**About this task**
Within the material below, transcribe exactly the lines from the one holding "本系列尚有床組、衣櫃、化妝台" through the one holding "尽管小天才与不同品牌的儿童手", keeping both ends and skipping the rest.

**Dataset records**
◇ ◇ ◇ ◇

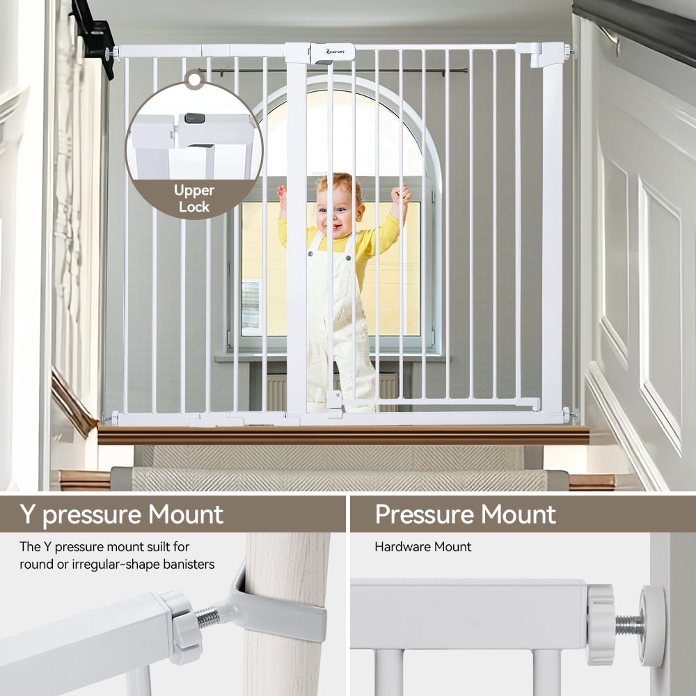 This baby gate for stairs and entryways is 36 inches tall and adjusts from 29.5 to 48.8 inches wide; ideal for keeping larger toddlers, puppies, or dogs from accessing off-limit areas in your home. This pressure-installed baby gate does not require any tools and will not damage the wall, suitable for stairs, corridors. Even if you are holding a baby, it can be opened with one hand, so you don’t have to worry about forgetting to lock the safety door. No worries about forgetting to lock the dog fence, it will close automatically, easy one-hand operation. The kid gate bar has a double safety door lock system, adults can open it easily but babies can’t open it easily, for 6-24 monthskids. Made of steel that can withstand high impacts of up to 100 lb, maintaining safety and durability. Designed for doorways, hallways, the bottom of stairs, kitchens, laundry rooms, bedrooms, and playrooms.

◇ ◇ ◇ ◇

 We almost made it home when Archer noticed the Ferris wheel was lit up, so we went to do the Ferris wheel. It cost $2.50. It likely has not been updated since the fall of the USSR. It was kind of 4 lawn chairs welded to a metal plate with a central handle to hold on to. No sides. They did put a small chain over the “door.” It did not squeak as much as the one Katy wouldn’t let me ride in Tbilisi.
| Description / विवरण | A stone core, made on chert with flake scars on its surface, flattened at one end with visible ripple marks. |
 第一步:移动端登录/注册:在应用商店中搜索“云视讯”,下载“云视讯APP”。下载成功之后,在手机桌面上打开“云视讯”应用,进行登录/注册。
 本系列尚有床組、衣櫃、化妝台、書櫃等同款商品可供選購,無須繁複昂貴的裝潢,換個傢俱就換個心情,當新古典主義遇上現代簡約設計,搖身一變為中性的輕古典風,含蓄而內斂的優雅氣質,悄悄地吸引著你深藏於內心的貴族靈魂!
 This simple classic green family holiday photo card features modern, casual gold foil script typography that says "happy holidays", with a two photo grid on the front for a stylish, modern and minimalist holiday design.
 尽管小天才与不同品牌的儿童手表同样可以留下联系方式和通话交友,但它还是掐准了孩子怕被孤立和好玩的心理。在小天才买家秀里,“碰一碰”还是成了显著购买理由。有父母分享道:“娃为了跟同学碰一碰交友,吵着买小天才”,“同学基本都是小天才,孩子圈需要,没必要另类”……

◇ ◇ ◇ ◇

**Answer for the task**
 本系列尚有床組、衣櫃、化妝台、書櫃等同款商品可供選購,無須繁複昂貴的裝潢,換個傢俱就換個心情,當新古典主義遇上現代簡約設計,搖身一變為中性的輕古典風,含蓄而內斂的優雅氣質,悄悄地吸引著你深藏於內心的貴族靈魂!
 This simple classic green family holiday photo card features modern, casual gold foil script typography that says "happy holidays", with a two photo grid on the front for a stylish, modern and minimalist holiday design.
 尽管小天才与不同品牌的儿童手表同样可以留下联系方式和通话交友,但它还是掐准了孩子怕被孤立和好玩的心理。在小天才买家秀里,“碰一碰”还是成了显著购买理由。有父母分享道:“娃为了跟同学碰一碰交友,吵着买小天才”,“同学基本都是小天才,孩子圈需要,没必要另类”……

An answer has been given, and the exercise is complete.